Defendant contends that the trial court erred in giving the jury instructions concerning damages. Specifically, he asserts that plaintiff”s testimony concerning damages to his motorcycle did not have the reasonable certainty required to warrant the jury instructions given on damages.

Crossen v. Chicago & Joliet Electric Ry. Co. (2d Dist. 1910), 158 Ill. App. 42, 44, and Latham v. Cleveland, Cincinnati, Chicago & St. Louis Ry. Co. (2d Dist. 1911), 164 Ill. App. 559, 563, and their progeny have long held the compensable element of damages to personal property to be the difference in values immediately before and after the occurrence where the property is destroyed beyond repair or the cost of repair exceeds the difference in value. In Behrens v. W. S. Bills & Sons, Inc. (3d Dist. 1972), 5 Ill. App. 3d 567, 577, 283 N.E.2d 1, the witness’ use of catalog prices was found to be a proper basis for valuation.
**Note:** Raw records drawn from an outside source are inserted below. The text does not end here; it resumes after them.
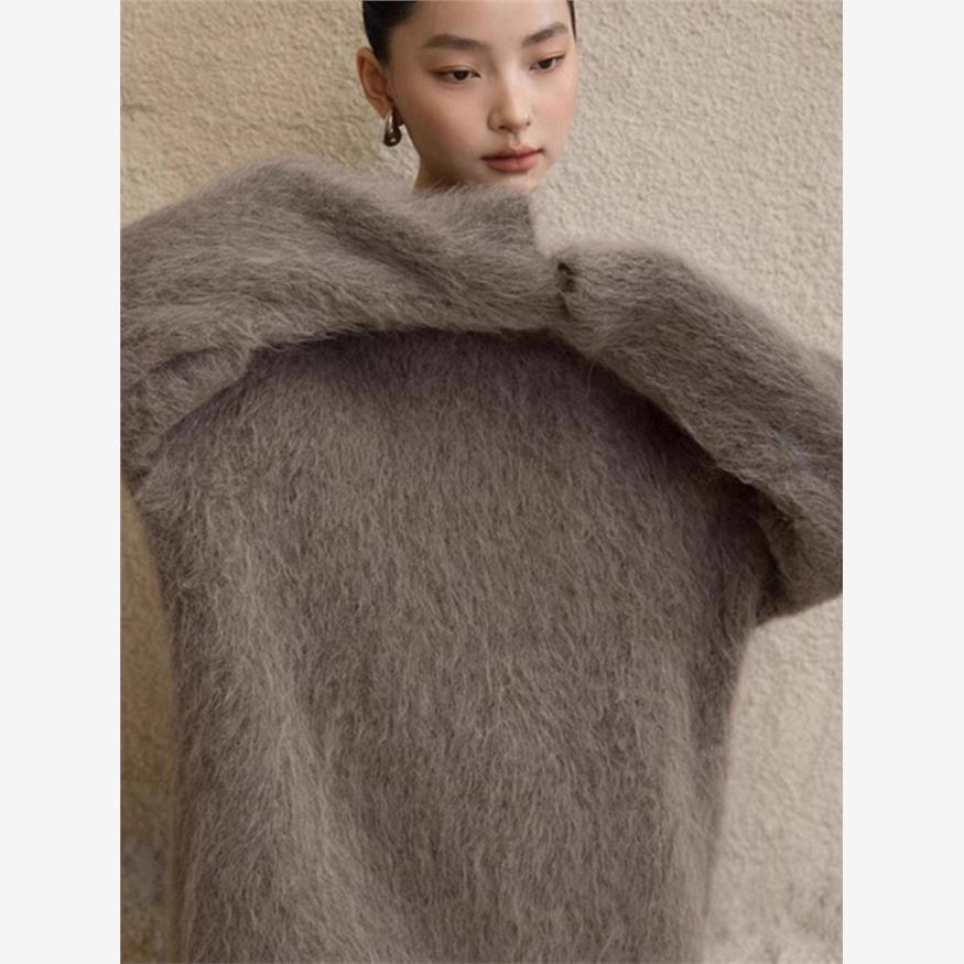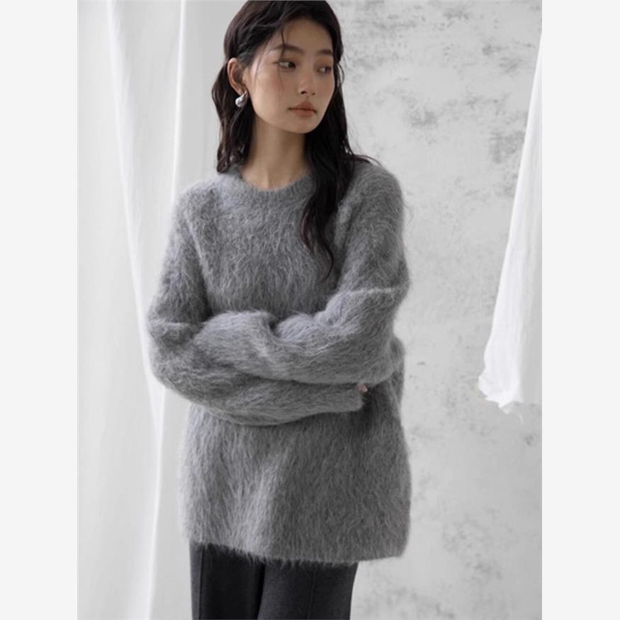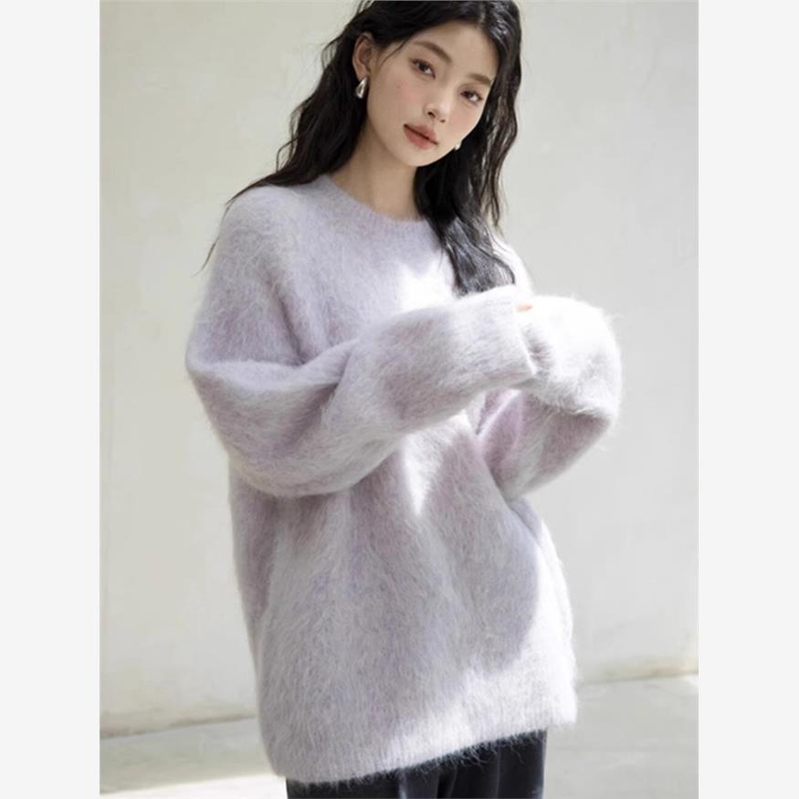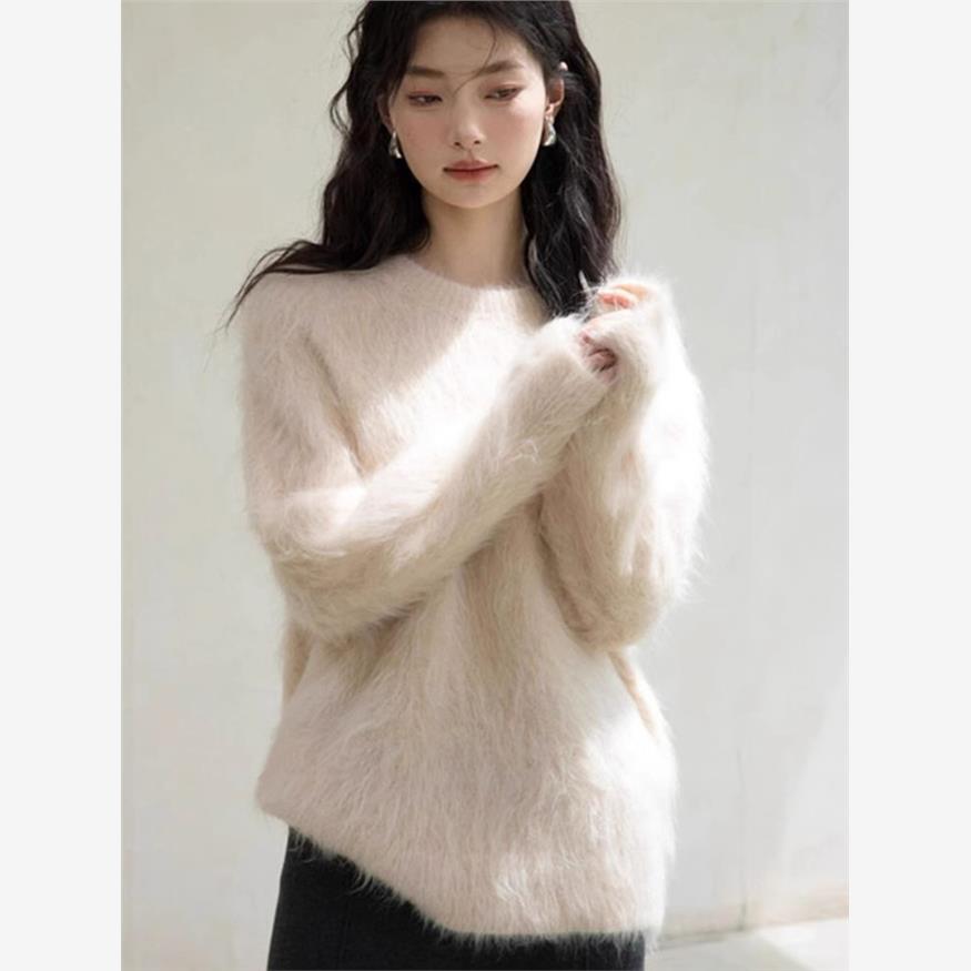 首页> 女装> 彷水貂绒白色套头毛衣女秋冬加厚新款慵懒软糯圆领长袖针织衫上衣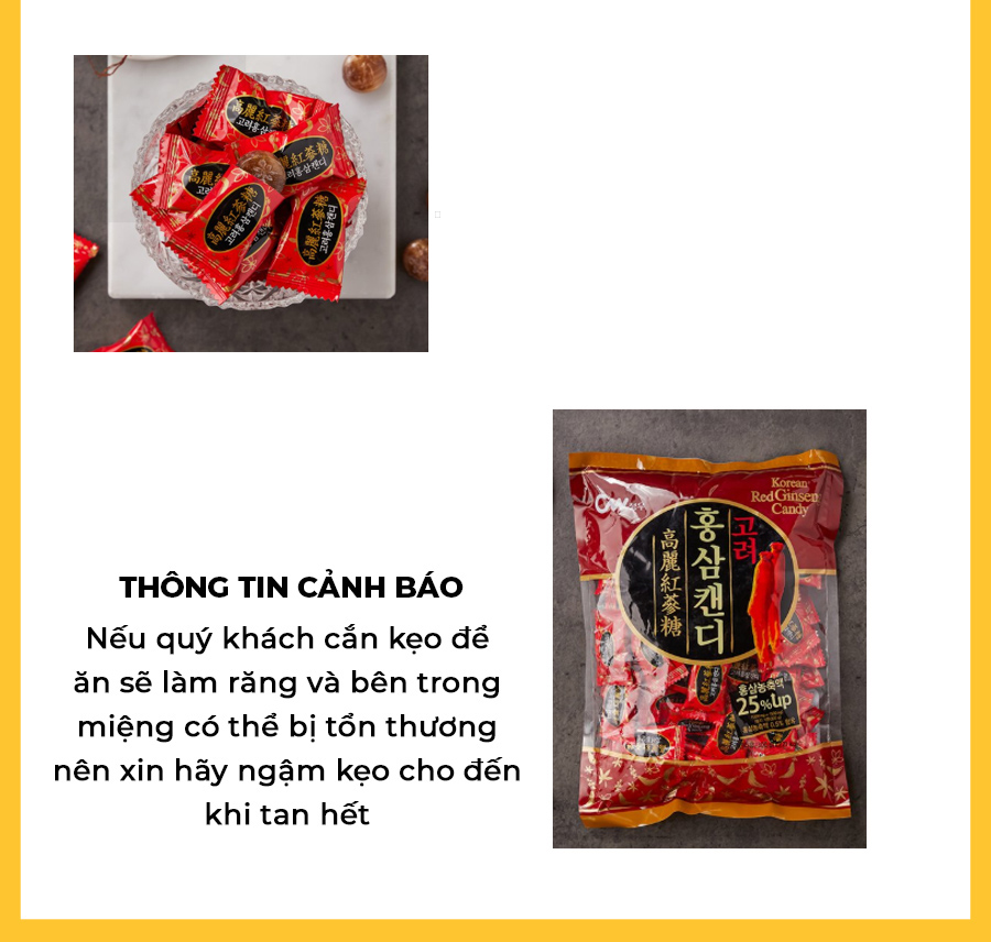 Xuất xứ: Hàn Quốc Khối lượng tịnh: 300 g/ bịch Thành phần: đường trắng, syrup, chiết xuất hồng sâm 0.5%, trà sâm 0.2%, hương liệu tổng hợp (L-mentol, hương thảo mộc), màu tổng hợp (màu caramen I ( INS – 150a)). Hướng dẫn sử dụng: Ngậm trực tiếp. Bảo quản: nơi thoáng mát, tránh ánh sáng mặt trời chiếu trực tiếp Ngày sản xuất: 18 tháng trước hạn sử dụng Hạn sử dụng: Ghi trên bao bì (năm / tháng / ngày) Thông tin cảnh báo: nếu quý khách cắn kẹo để ăn sẽ làm răng và bên trong miệng có thể bị tổn thương nên xin hãy ngậm kẹo cho đến khi tan hết.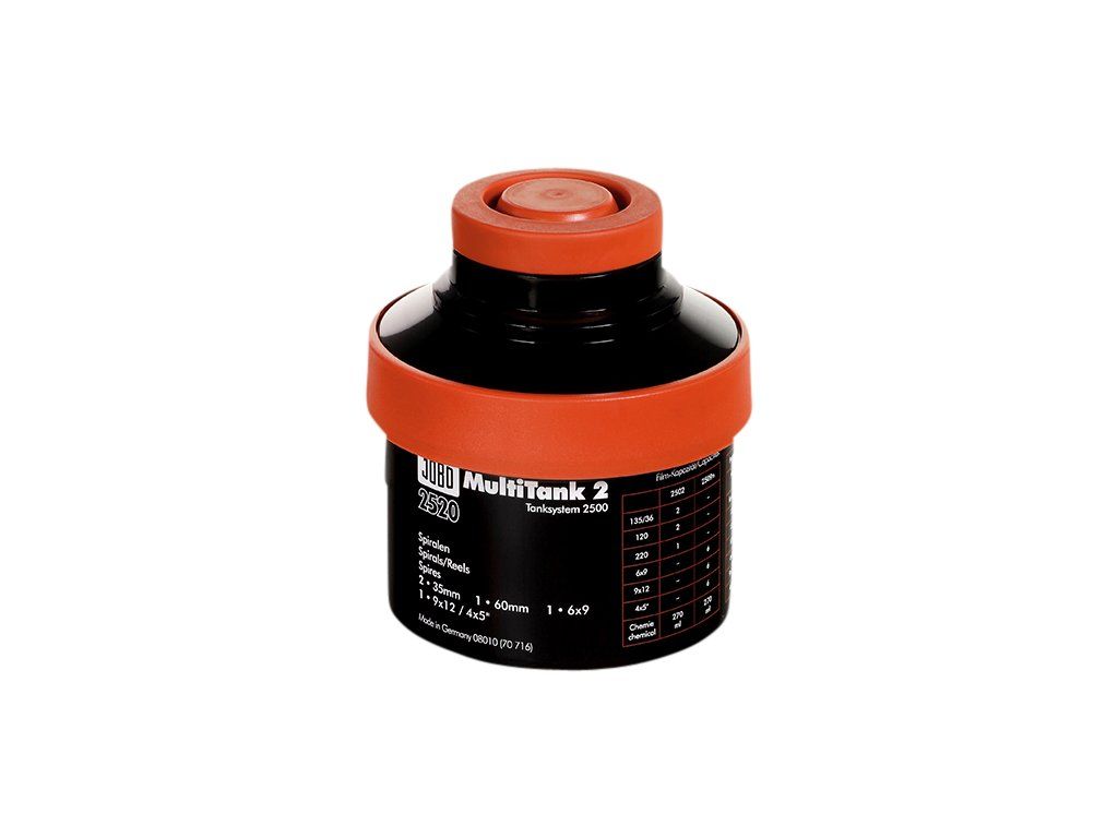 Malá univerzální nádrž pro řadu nádrží 2500. Lze jej použít pro 35mm film, svitkový film 120 a archový film až do velikosti 4x5". Ideální pro použití s procesory JOBO.Obsahuje: jednu nádrž č. 2520 bez cívky.Doplňkové parametry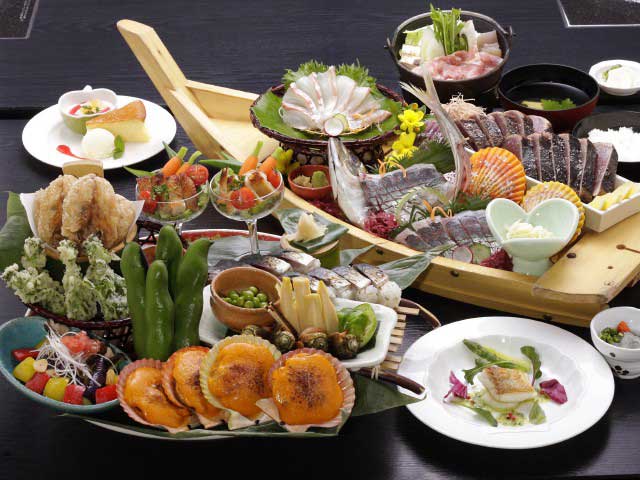鰹のタタキなど海の幸、山の幸豊富な高知の食をお楽しみください。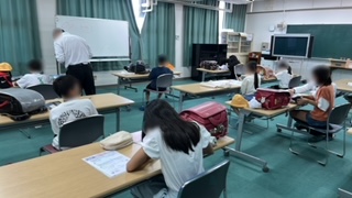 住吉区が自主学習習慣の定着と基礎学力向上を目指して取り組んでいる「すみよし学習クラブジュニア」の様子です。本校では、10名の児童が参加しています。今日は算数の課題に取り組んでいました。講師の先生は机間巡視しながらアドバイスをしてくれます。和気あいあいと頑張っていました。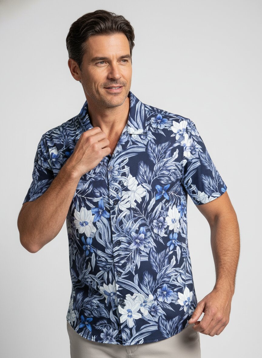 Kurzarmhemd Lido, Regular Fit, Jersey, Revers, navy floral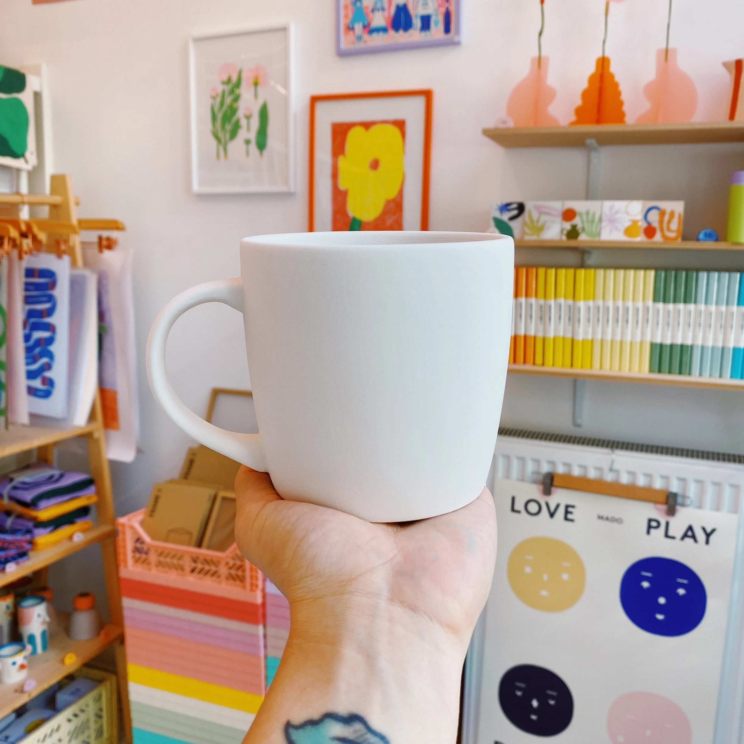 ✿ One ready-to-glaze cocoa mug. You can add extra objects here if you’d like

Plaintiff in the case at bar testified that he had purchased the Harley-Davidson motorcycle in April of 1970 and used the receipt for full payment for the motorcycle as the basis for valuation. The court then admitted the paid bill into evidence establishing the motorcycle’s value *916on the date of purchase, two months before the accident. According to plaintiff he received *150 for the salvage of the unrepaired motorcycle. At the close of the evidence the court gave the jury the following instructions over defendant’s objection:

“If you decide for the plaintiff on the question of liability, you must then fix the amount of money which will reasonably and fairly compensate him for any of the following elements of damages proved by the evidence to have resulted from the negligence of the defendant:
The nature, extent and duration of the injury.
The disability and disfigurement resulting from the injury.
The pain and suffering experienced and reasonably certain to be experienced in the future as a result of the injuries.
The reasonable expense of necessary medical care, treatment and services received.
The value of salaries lost.
The difference between the fair market value of his property immediately before the occurrence and its fair market value after the occurrence.
Whether any of these elements of damages has been proved by the evidence is for you to determine.” (Emphasis added.) IPI Criminal Nos. 30.01, 30.02, 30.04, 30.05, 30.06, 30.07 and 30.14. (2d ed. 1971).

We believe the jury had sufficient evidence under the Crossen and Latham line of cases so as to form a proper basis for determination of damages to plaintiff’s motorcycle. The two-month period between the date of purchase and the date of the accident permitted use of the paid bill as the basis for valuation immediately before the occurrence. Plaintiff’s testimony that he received *150 for the unrepaired motorcycle served as the basis for valuation after the occurrence. In our opinion the instruction on damages was not erroneous.

Accordingly the judgment of the circuit court of Cook County is affirmed.

Judgment affirmed.

DOWNING, P. J., and STAMOS, J., concur.